Sisha Jumrha  is a census town in the Madarihat-Birpara CD block in the Alipurduar subdivision of the Alipurduar district  in the state of West Bengal, India.

Geography

Location
Sisha Jumrha is located at .

Area overview
Alipurduar district is covered by two maps. It is an extensive area in the eastern end of the Dooars in West Bengal. It is undulating country, largely forested, with numerous rivers flowing down from the outer ranges of the Himalayas in Bhutan. It is a predominantly rural area with 79.38% of the population living in the rural areas. The district has 1 municipal town and 20 census towns and that means that 20.62% of the population lives in urban areas. The scheduled castes and scheduled tribes, taken together, form more than half the population in all the six community development blocks in the district. There is a high concentration of tribal people (scheduled tribes) in the three northern blocks of the district.

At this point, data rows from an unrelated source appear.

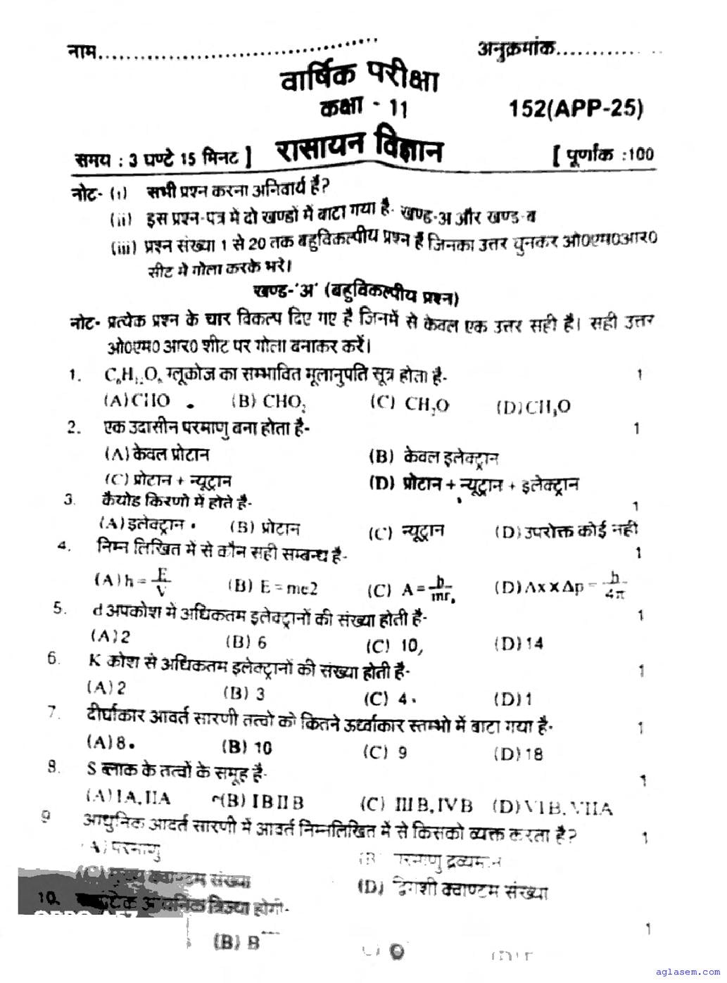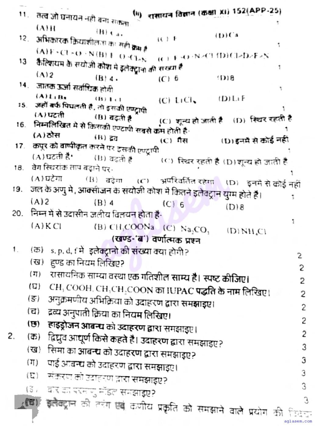 UP Board Class 11 Chemistry Question Paper 2026 is published after exam. You can download the UP Board Class 11 Chemistry Previous Year Question Paper PDF from here on aglasem to practice for your upcoming paper. It contains actual questions asked in the past year Chemistry exam. This UP Board Class 11 Question Paper is for the Chemistry subject and helps you understand exam difficulty level, types of questions to expect in exams. Therefore by practising the Chemistry question paper, you can improve your preparation for the 11th standard exams and aim to score full marks in Chemistry.
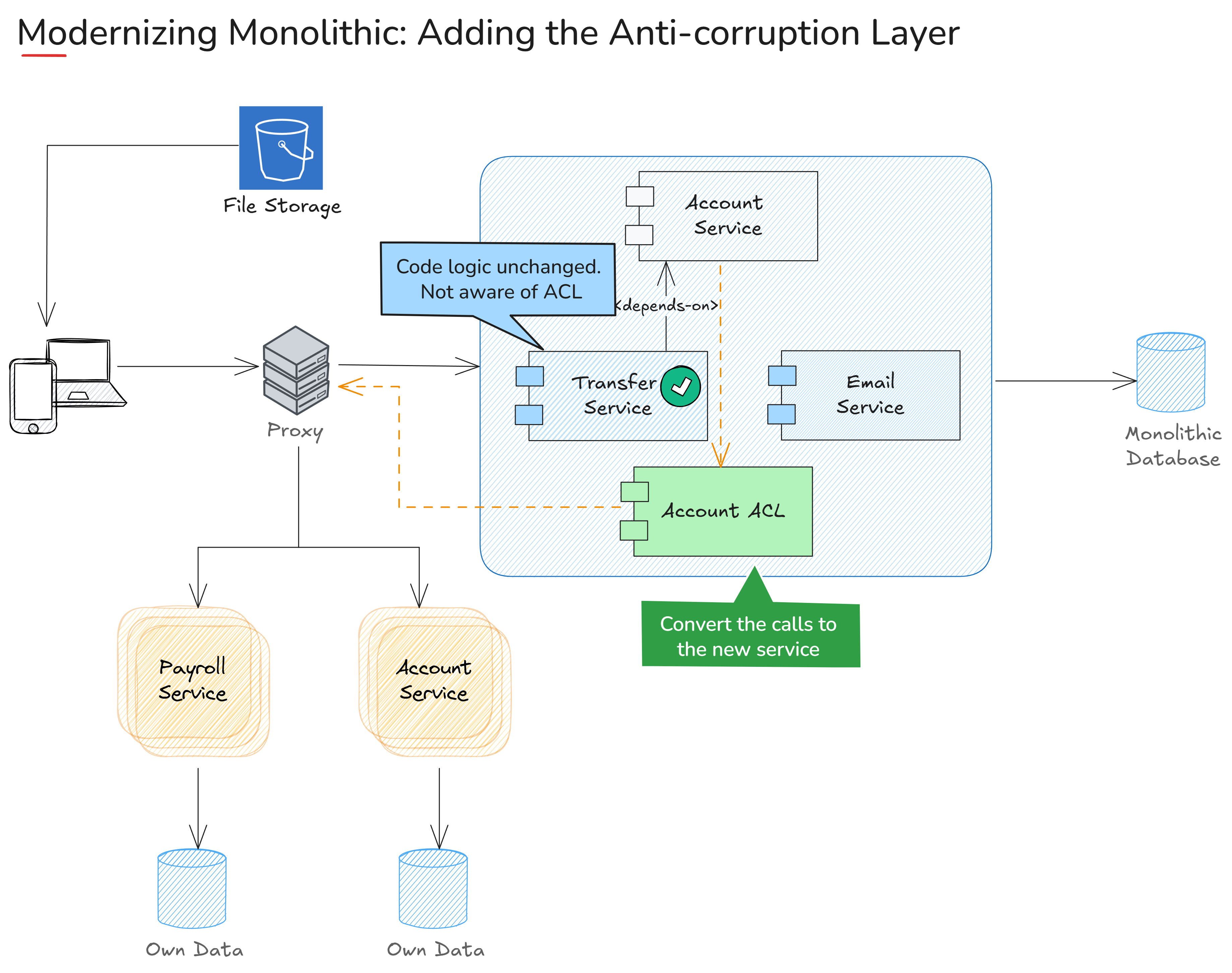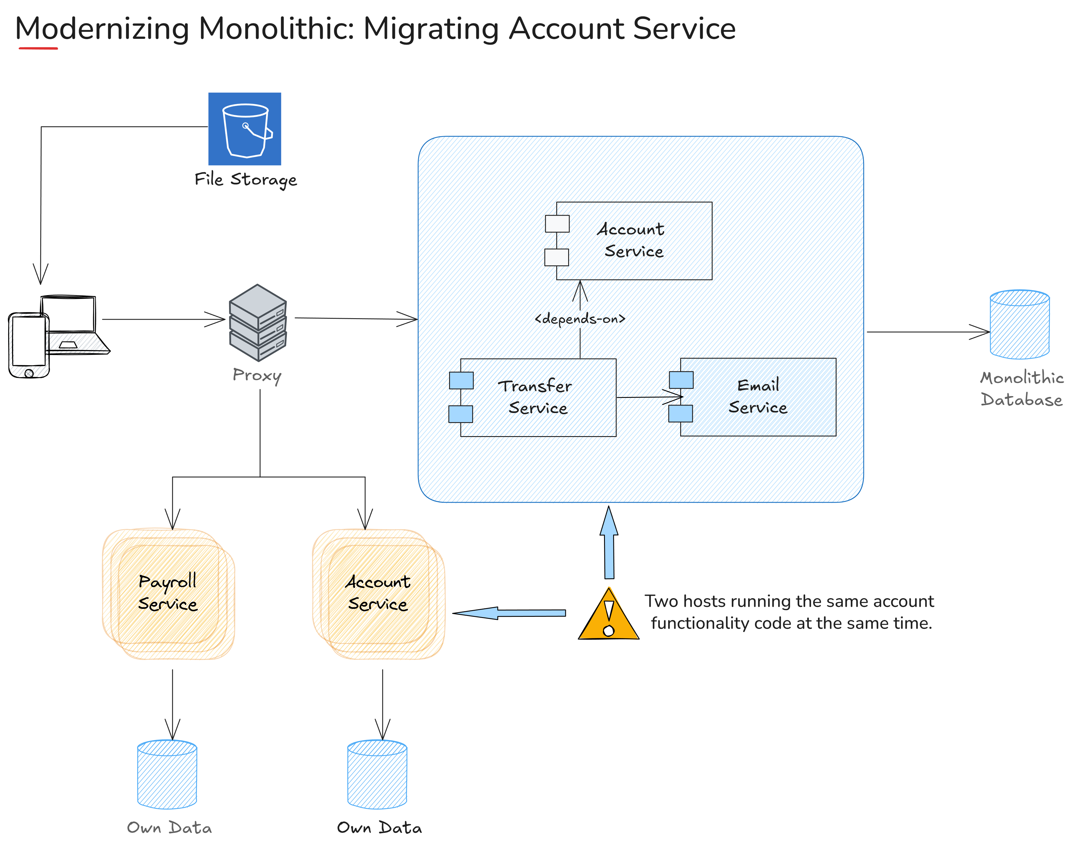 Now select one domain (Account) function inside the monolith and move it out along with the data it owns. You do not touch the monolith code yet.
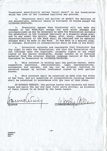Achte Seite des Vertrags zur deutschen Theaterfassung des Kinofilms "Husbands and Wives" von Woody Allen
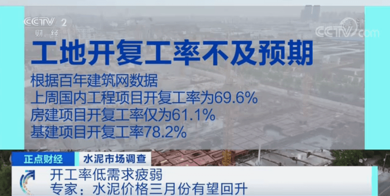 相關(guān)數(shù)據(jù)顯示,上周國內(nèi)工程項目開復(fù)工率為69.6%,同比下降17.3%,其中,房建項目表現(xiàn)不佳,開復(fù)工率僅為61.1%;基建開復(fù)工率78.2%??傮w來看,二月份工地開工不及預(yù)期,導(dǎo)致水泥需求冷淡,抑制了水泥價格。由于下游的勞務(wù)到位,包括上工情況,節(jié)奏還是有點慢。只是從水泥混凝土砂石這個板塊來看,目前這個銷量同比去年下降20%到50%。

Note: The map alongside presents some of the notable locations in the subdivision. All places marked in the map are linked in the larger full screen map.

Demographics
As per the 2011 Census of India, Sisha Jumrha had a total population of 4,130.  There were 2,116 (51%) males and 2,014 (49%) females. There were 537 persons in the age range of 0 to 6 years. The total number of literate people in Sisha Jumrha was 2,631 (73.23% of the population over 6 years).

Infrastructure
According to the District Census Handbook 2011, Jalpaiguri, Sisha-Jumrha covered an area of 4.2654 km2. Among the civic amenities, the protected water supply involved tap water from treated sources, tube well, bore well. It had 400 domestic electric connections, 1 road lighting point. Among the medical facilities it had 1 dispensary/ health centre, 1 charitable hospital/ nursing home, 1 medicine shop. Among the educational facilities it had 1 primary school, 1 middle school, the nearest secondary school at Dim Dim, the nearest senior secondary school, the nearest general degree college at Birpara 8 km away. It had 2 recognised shorthand, typewriting and vocational training institutions, 3 non-formal education centres (Sarva Siksha Abhiyan), 1 special school for disabled. Two important commodities it manufactured were paddy, furniture. It had offices of 1 nationalised bank, 1 private commercial bank, 1 non-agricultural credit society.

Healthcare
There is a primary health centre, with 6 beds, at Sisha Jumrha.